As is the screenplay by the late Fincher (who died in 2003 but should get some posthumous award attention) that pays homage and then some to Mank's style of dialogue-heavy writing that was designed to be the heartbeat and driving force of his scripts.

Some of the story focuses on Mank in the present where he's holed up in a desert villa (that's dry in more ways than one) to make sure he writes the script commissioned by Welles (Tom Burke) in just sixty days.

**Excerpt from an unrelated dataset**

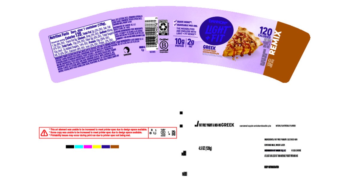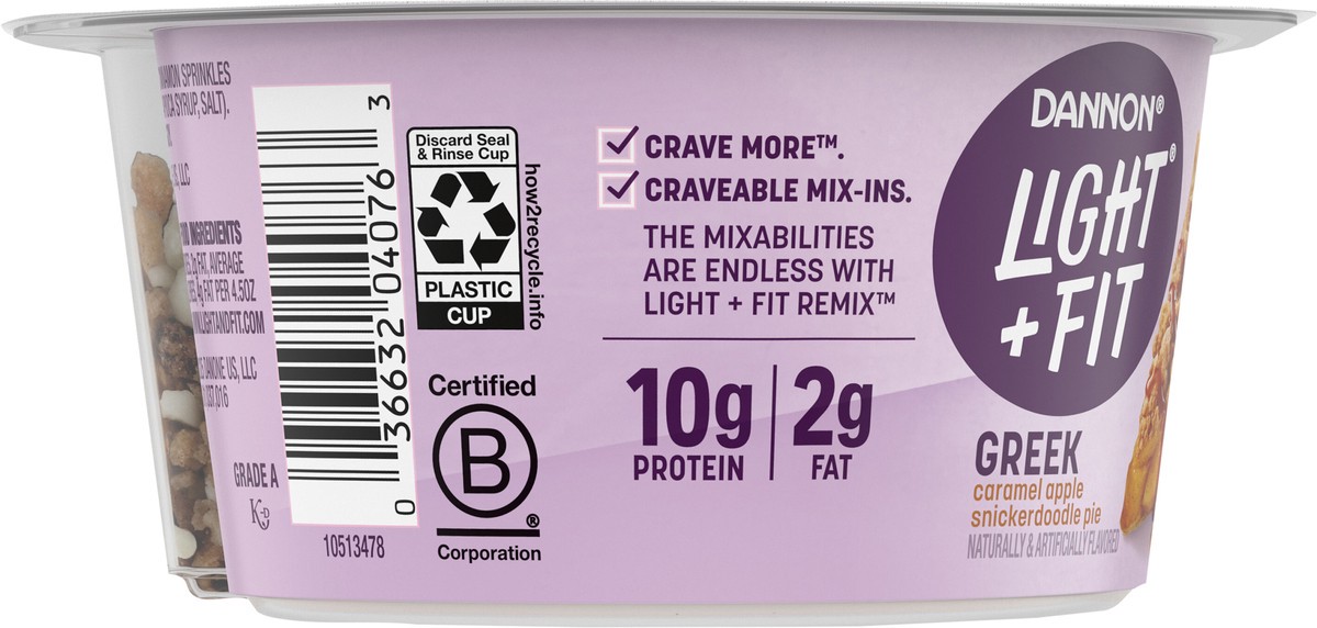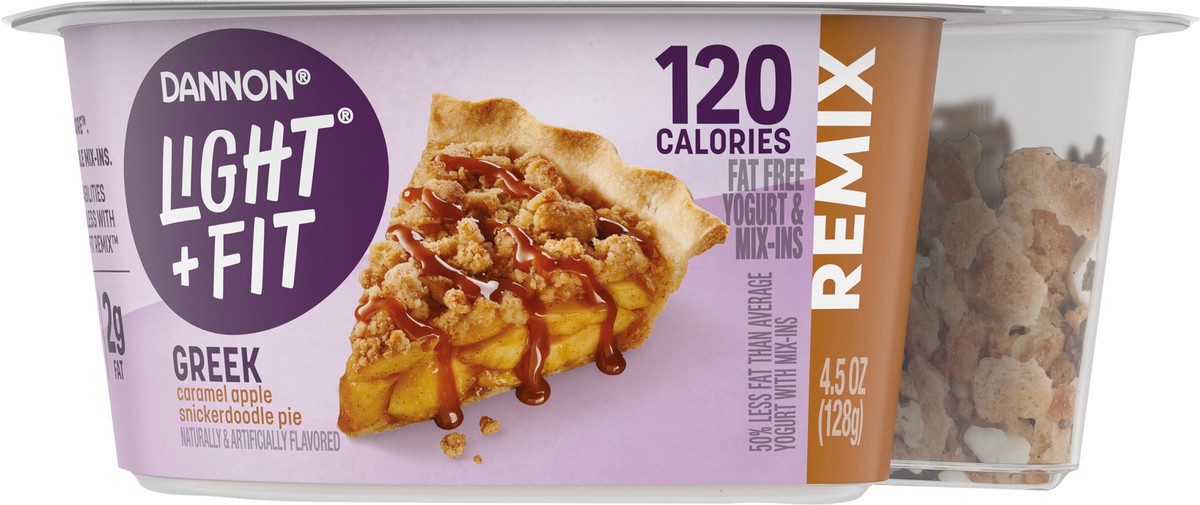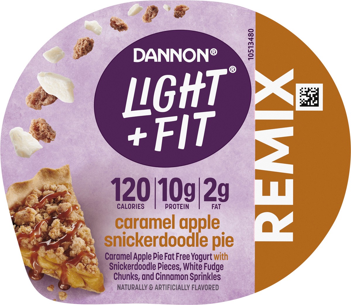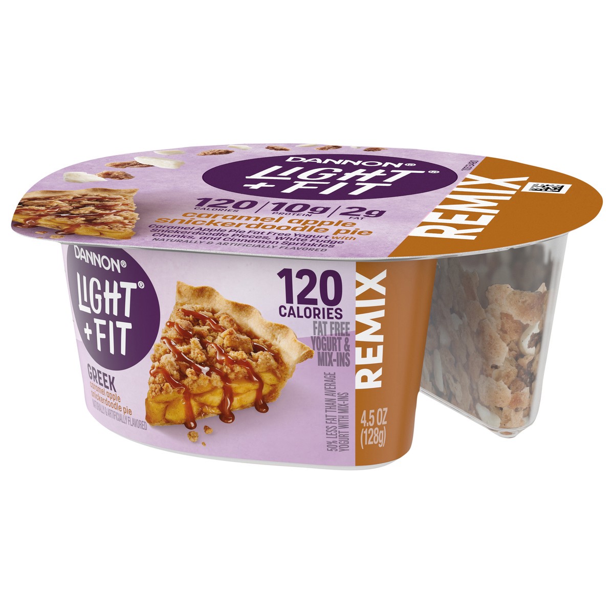 - JUST GRAB YOUR SPOON AND ENJOY: One 4.5 oz cup of Dannon Light + Fit REMIX Caramel Apple Pie Flavored Fat Free Greek Yogurt with Snickerdoodle Pieces, White Fudge Chunks and Cinnamon Sprinkles Mix-Ins
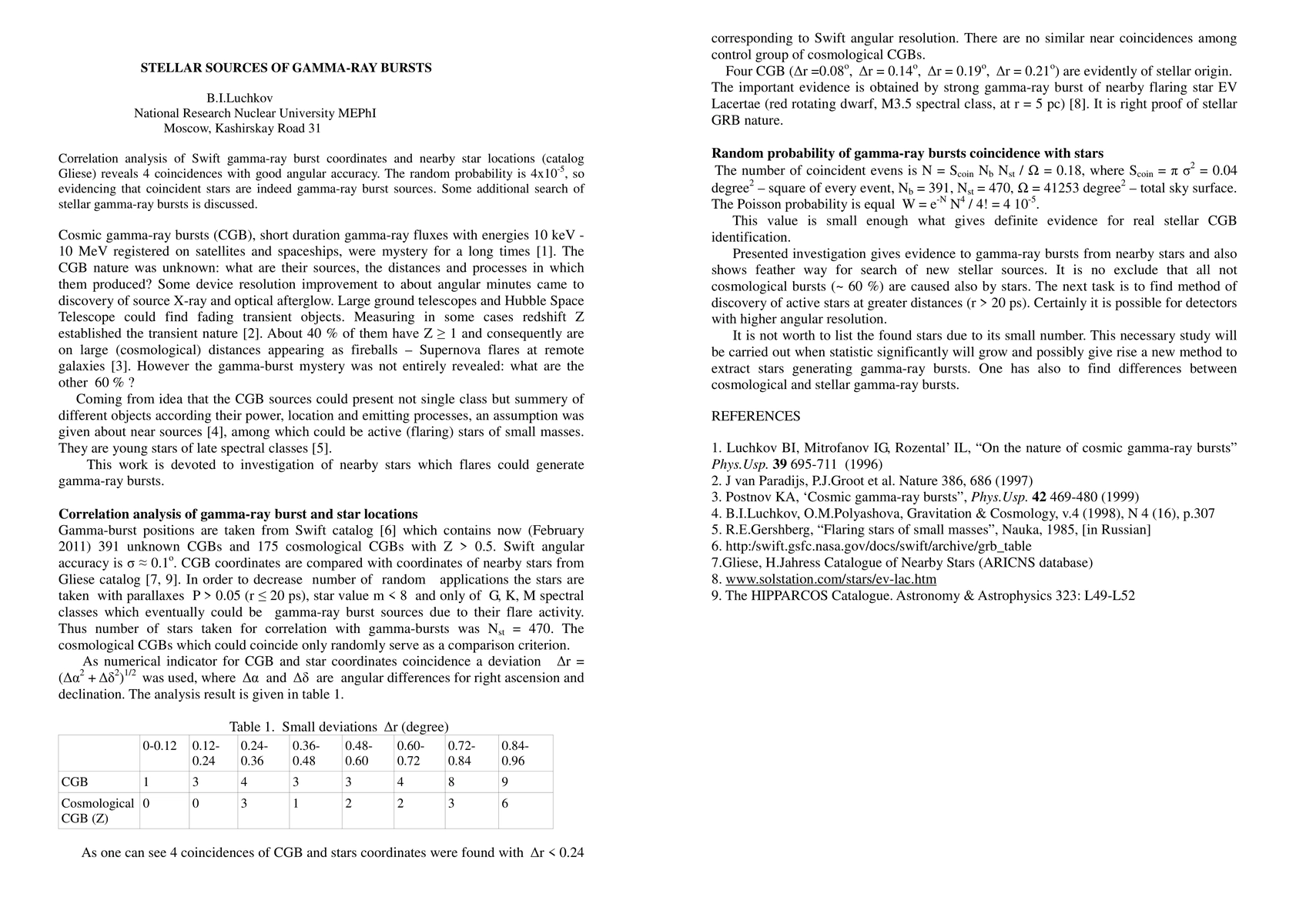 This study correlates Swift gamma-ray burst coordinates with nearby stars from the Gliese catalog, finding 4 significant coincidences with low random probability. This suggests that some of these stars may be sources of gamma-ray bursts, prompting further investigation into stellar gamma-ray bursts.

At least for his handler and Welles' collaborator (Sam Troughton), Mank's recently broken leg in a full cast means he's likely not to wander far while being cared for by a German nurse (Monika Gossmann) and a personal assistant (a terrific Lily Collins who could get a best supporting nom) who takes his dictation and turns that into typed pages.

The rest of the film hops around through various years in the 1930s -- all identified by on-screen text written like a screenplay's time and location descriptors -- where we see Mank with his wife (Tuppence Middleton), brother (Tom Pelphrey), MGM studio head Louis B. Mayer (Arliss Howard), that studio's production chief, Irving Thalberg (Ferdinand Kingsley) and the two figures most pivotal to shaping what would become "Citizen Kane."

And that's Hearst (a regal but steely Charles Dance) who enjoys having the writer around for his witty remarks, and that man's actress girlfriend, Marion Davies (a terrific Amanda Seyfried), who's friends with Mank who serves as her confidant of sorts. As their interactions and his work in Hollywood play out, we see -- at least for those familiar with "Kane" -- how they ultimately influence what appears in that movie that's argued by many as the greatest film of all time.

It's possible that regular moviegoers won't be as blown away by this offering as critics and those in the industry will be, what with its "inside baseball" elements. But if you like watching auteurs at the top of their game, you won't need to know Rosebud from RKO to enjoy the splendidly crafted offering that had me hooked from the vintage style opening credits to the more modern ones that roll at the end. "Mank" is simply terrific and thus rates as an 8 out of 10.